Stored records:

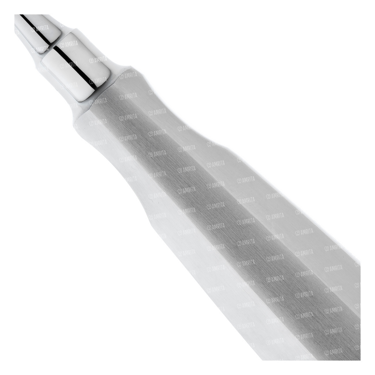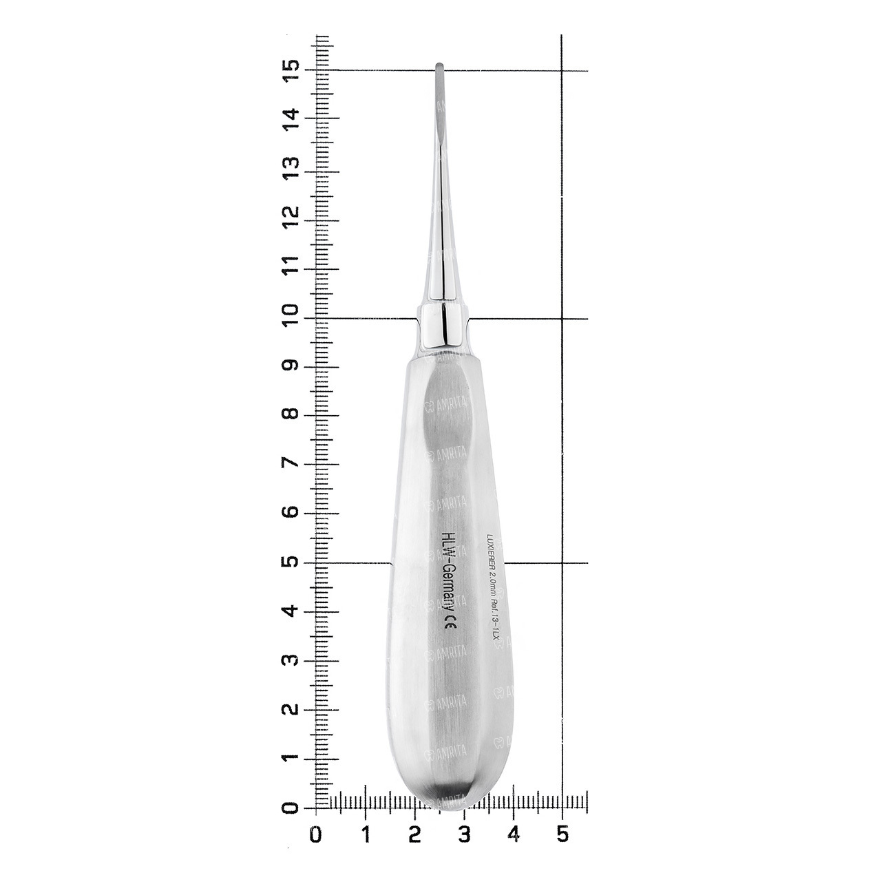 Прямой люксатор, имеющий лезвие шириной не более 2 мм, закруглённое на конце, полая ручка имеет эргономичную форму с выемками под пальцы для наилучшего захвата и удержания инструмента.
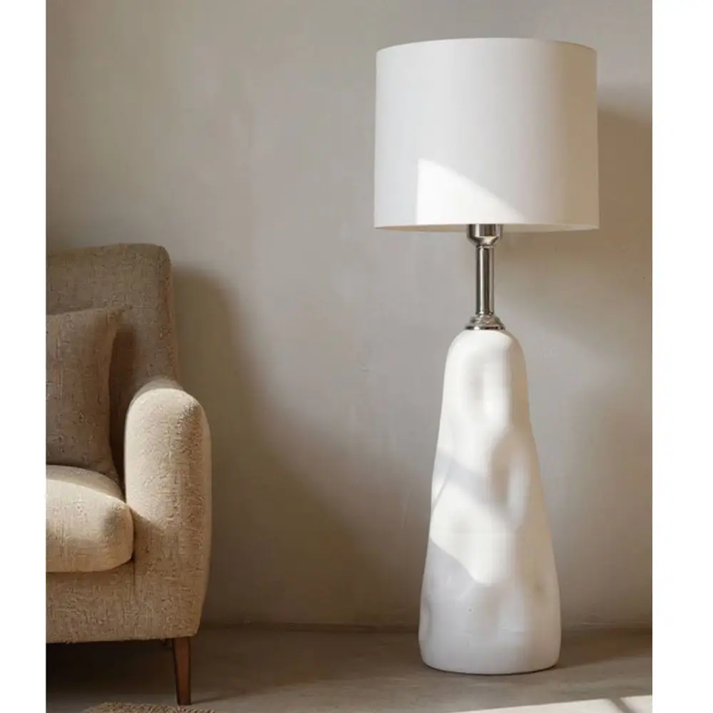 این مدل آباژور بلند از متریال با کیفیت ساخته شده و ترکیب پایه سنگی با کلاهک پارچه‌ای، ظاهری شیک و مقاوم به آن داده است. طراحی دفرمه باعث شده که بدنه آباژور شکل طبیعی و کمی نامنظمی داشته باشد که حس آرامش و زیبایی غیرقابل تکراری را منتقل می‌کند. همچنین، وزن مناسب و ابعاد بلند آن امکان استفاده در گوشه‌های مختلف منزل را فراهم می‌کند بدون این که فضا را اشغال زیاد کند.
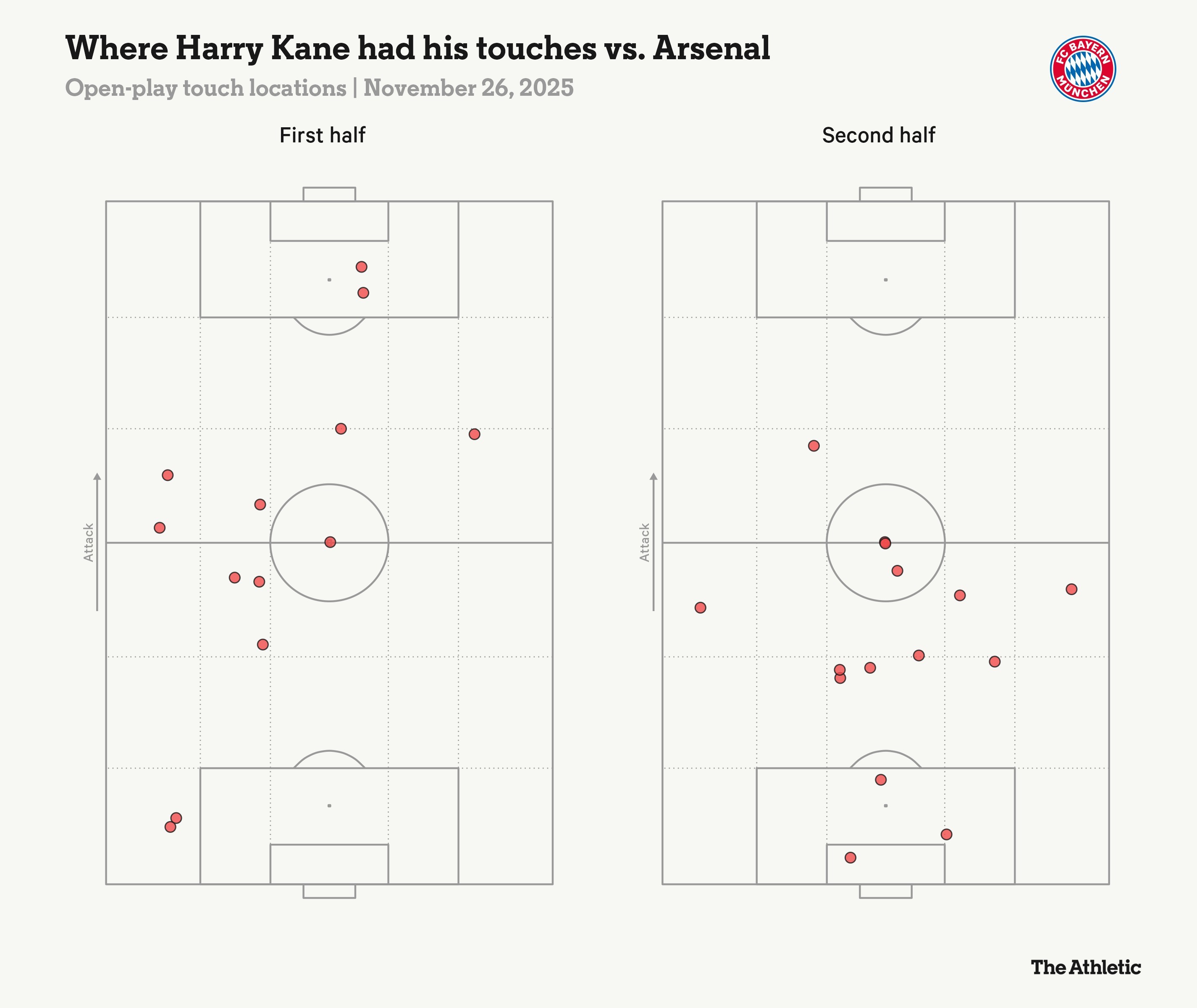 这位拜仁9号在90分钟的比赛里仅有30次触球,并且没有一次射门,这是自2023年10月以来,凯恩首次在欧冠比赛中零射门。这也是这位32岁的英格兰队长职业生涯中,首次在对阵阿森纳的比赛中踢满90分钟却未能完成一脚射门。
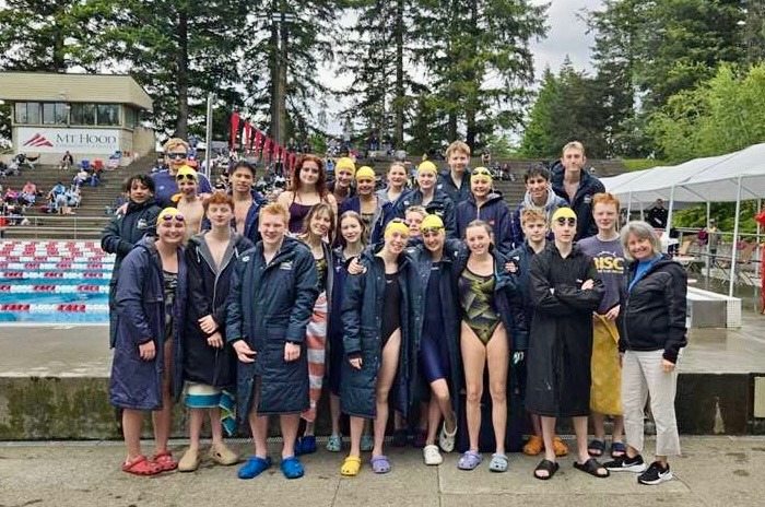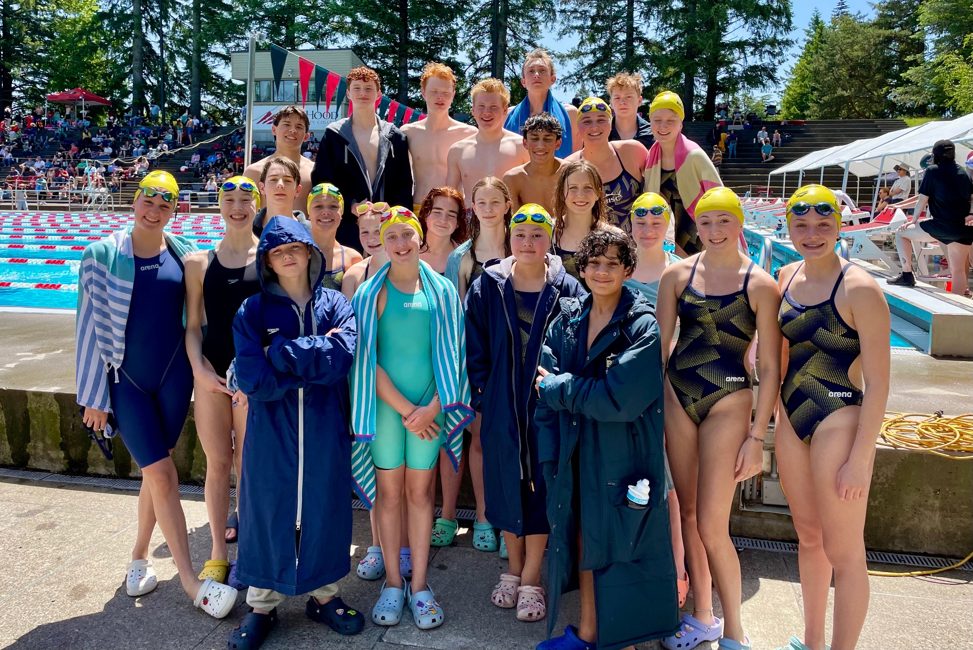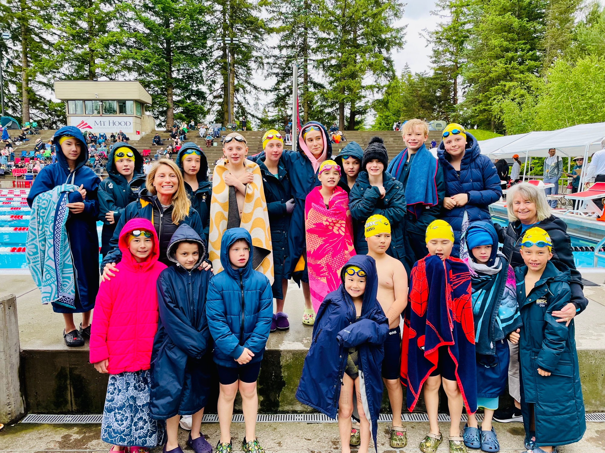 Big Wave Decathlon: Travel Meet to Gresham, Oregon 5/24-5/25: 52 swimmers attended and celebrated swimming outdoors in a long course pool. Day 1: sunny & warm, Day 2: cloudy & colder with some sunbreaks in the afternoon. Our swimmers came prepared with sunscreen, canopies & swim parkas and embraced their first outdoor experience of the season. There was a geese family that really wanted to swim at the meet that provided excitement on Day 2’s afternoon session. The swimmers showed true grit when the weather shifted and bundled up & kept swimming. Some brought home a new cut time, a best time and or a ducky for winning their heat. Anyone swimming a 200 or more were entered with a converted LCM time meaning the computer took your best yards time and applied a formula to that to create a LCM time. These converted times are notoriously fast and our swimmers stepped up and raced their best. If you are wondering why they were not reaching those times it was because they had not raced that event yet in a long course pool and it was an estimation of how they would race. We felt the meet was well worth the drive down. We were impressed with how well the swimmers did in various weather conditions and staging themselves. “We can do hard things”. Swimming all 10 events to get their decathlon bag tag were: JJ Borovsky, Avery Britt, June Brown, Willam Browning, Rylee Dupont, Lena Everett, Jonathan Fort, Chloe Frederickson, Leland Hilgers,Tessa Hurguy, Surya Jain, Aiden Johnson, Fiona Livingston, Wyatt Livingston, Olivia Longridge, Wyatt Majors, Louis McKibbin, Aria Michael, Mika Moskin, Tej Pal, June Reeves, Lily Rehder, Skylar Richardson, Spencer Slowik, & Harrison Younger.
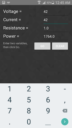 Enter any two of the variables (Voltage, Current, Resistance, and Power) then press enter on your keyboard, or touch the built-in Go button. The other values will be calculated for you!
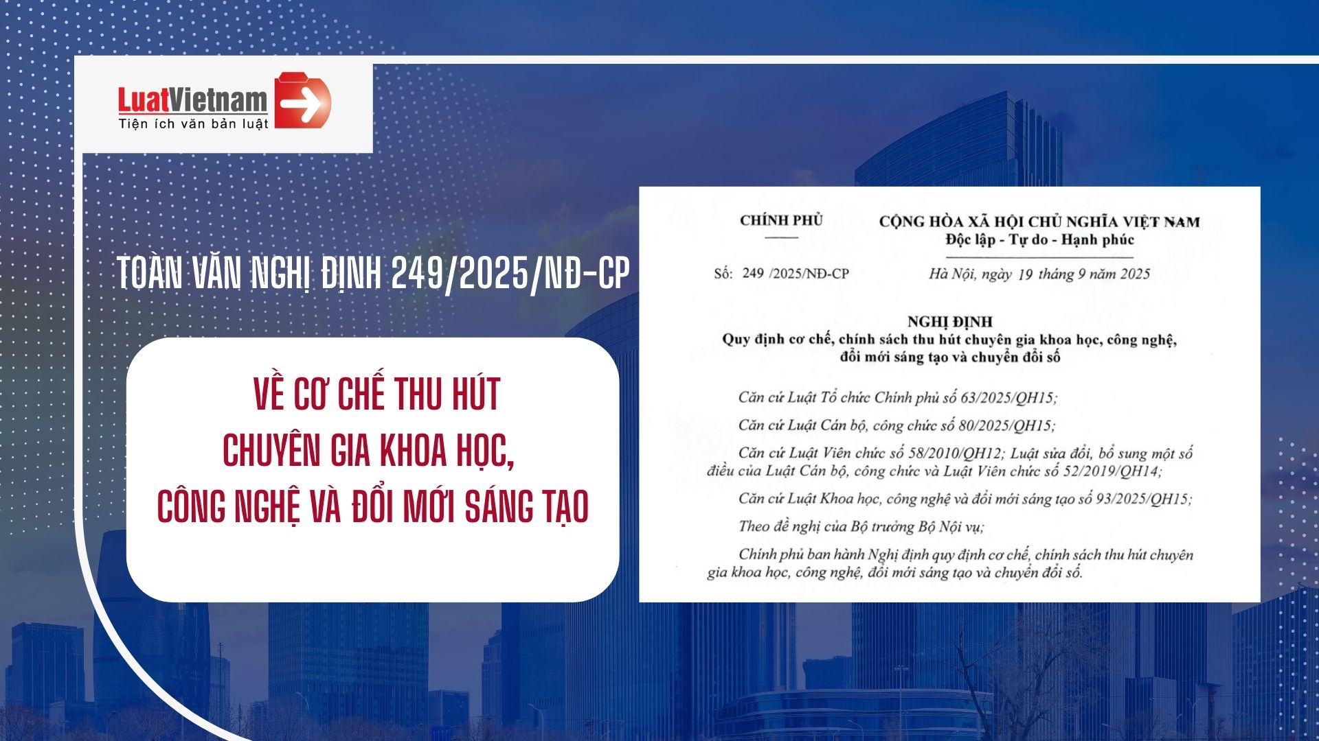 Ngày 19 tháng 9 năm 2025, Chính phủ đã ban hành Nghị định 249/2025/NĐ-CP, quy định cơ chế và chính sách thu hút chuyên gia trong các lĩnh vực khoa học, công nghệ, đổi mới sáng tạo và chuyển đổi số.

**REQUIRED ACTION:** Repeat the exact lines from the first line of the data through the line containing "این مدل آباژور". Nothing else, no pictures.

**RESULT OF THE EXERCISE:**
 Прямой люксатор, имеющий лезвие шириной не более 2 мм, закруглённое на конце, полая ручка имеет эргономичную форму с выемками под пальцы для наилучшего захвата и удержания инструмента.
 این مدل آباژور بلند از متریال با کیفیت ساخته شده و ترکیب پایه سنگی با کلاهک پارچه‌ای، ظاهری شیک و مقاوم به آن داده است. طراحی دفرمه باعث شده که بدنه آباژور شکل طبیعی و کمی نامنظمی داشته باشد که حس آرامش و زیبایی غیرقابل تکراری را منتقل می‌کند. همچنین، وزن مناسب و ابعاد بلند آن امکان استفاده در گوشه‌های مختلف منزل را فراهم می‌کند بدون این که فضا را اشغال زیاد کند.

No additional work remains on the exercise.